FastTrack vs. Heavy-duty bolt shelving: FastTrack is for lighter items. Heavy-duty bolted wall shelving handles 300 to 500+ pounds per shelf. If you need to store heavy automotive gear on the wall, FastTrack is not the right tool. Use it alongside heavy shelving, not as a replacement.
FastTrack vs. Pegboard: Pegboard is cheaper and accepts a wide range of hooks. The tradeoff is that pegboard hooks fall out constantly, especially when you grab one item and its neighbor falls off. FastTrack accessories click in and don't fall unless you deliberately release them.
Our best garage storage guide covers a wider range of storage options if you want to compare systems, and for overhead storage that pairs well with a wall system, see the garage top storage guide.
Tips for Getting the Most from FastTrack
Plan your layout on paper first. Measure your wall, list everything you want to hang, and estimate how much space each item needs. This prevents you from buying accessories that don't fit or running out of rail space.
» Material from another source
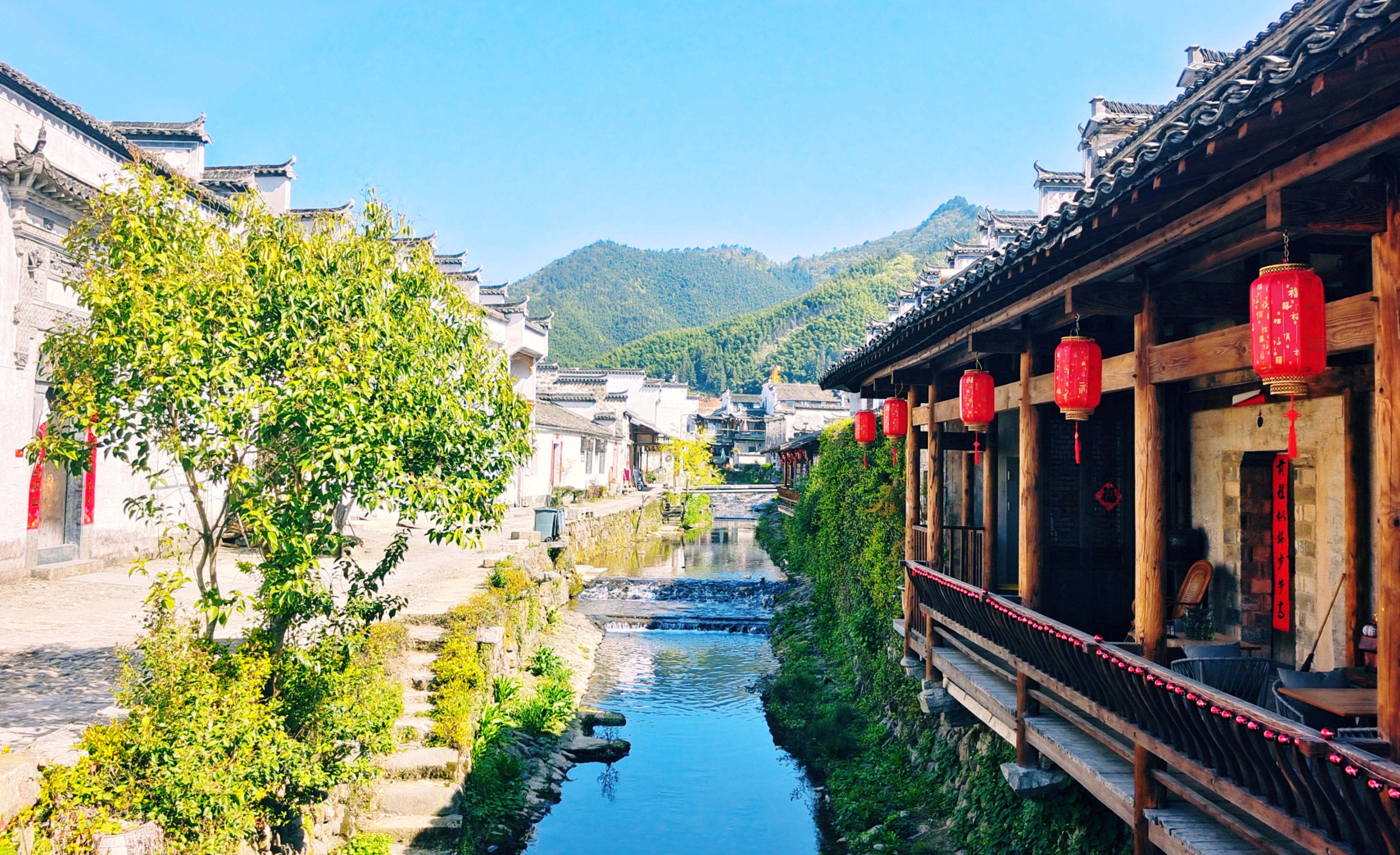 過駟車橋,溪邊木欄涼亭,可納涼觀景,碧水淙淙中游動著成群的小河魚,村口有一株烏桕樹,與對面幾株垂柳相應,一副烏桕綠柳伴溪上,金階駟橋通雕樓的畫卷緩緩展開。苔痕上階綠,草色入簾青,踏著青石板路,沿前街溪而上,兩側是隨勢建起的徽派民居,老屋的牆上和欄杆上,都是歲月留下的痕跡。

Mix rail lengths. If you have a long wall, consider starting with two 60-inch rails for the main zone and adding 36-inch rails for secondary zones above workbenches or in corners.
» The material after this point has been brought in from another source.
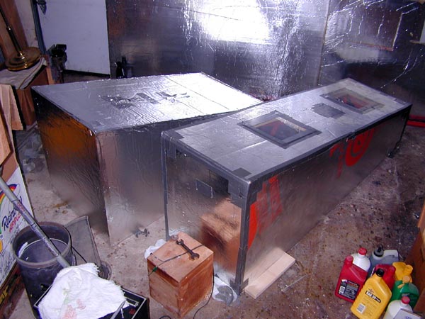 CoverThe Seismograph sensor is housed in a cover made of Celotex to keep out unwanted drafts. Two see-thru plastic windows have been incorporated in the top. The sensor, which I constructed in January, 1997, is in my garage.

Use a 60-inch rail for bikes. A 60-inch rail gives you room for two bikes side by side, plus some additional hooks or accessories on the same rail. Two 36-inch rails side by side work too, but 60-inch rails are easier to install and line up.
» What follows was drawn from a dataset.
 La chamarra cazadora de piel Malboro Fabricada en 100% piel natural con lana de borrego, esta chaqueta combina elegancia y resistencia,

Add a utility shelf for frequently-used gear. A shelf at chest height for sports helmets, gloves, and regularly-used tools makes those items easy to grab without reaching for a specific hook.
FAQ
Can you install FastTrack on drywall without studs? Not reliably. The rails need to be anchored to studs for any meaningful load. Drywall alone won't hold the screws under repeated loading and unloading. If you genuinely can't hit studs (for example, a concrete block wall), you'd need to use concrete anchors and the rails would still support much less than a stud installation.
Are FastTrack accessories removable without tools? Yes. To remove an accessory, you press the clip slightly inward and lift while pulling forward. The motion takes a minute to learn but it's quick once you have it. No tools required.
What's the maximum rail span for FastTrack? Individual rails max out at 60 inches (5 feet). You can install multiple rails end-to-end to span a full wall. The accessories slide along a single rail and don't cross the gap between rails, so each rail section is independent.
Does FastTrack work for kayaks and canoes? Rubbermaid doesn't make a specific kayak accessory for FastTrack. For a kayak or canoe, you'd need a ceiling hoist system or a dedicated wall bracket rated for the weight (kayaks run 40 to 70 pounds, canoes 40 to 90 pounds). These are usually separate products from ceiling or wall mounting systems.
The Right Setup for Your Garage
FastTrack works best as the wall layer of a layered storage system. Wall rails for bikes, tools, and sports gear. Freestanding racks for heavy bins and bulk storage. Ceiling racks for seasonal items that sit for months.
If you start by installing two 60-inch rails on your longest clear wall and load them with the bikes and garden tools that currently live on the floor, you'll likely free up 10 to 20 square feet of floor space in one afternoon. That's a reasonable return on a couple of hours of installation work.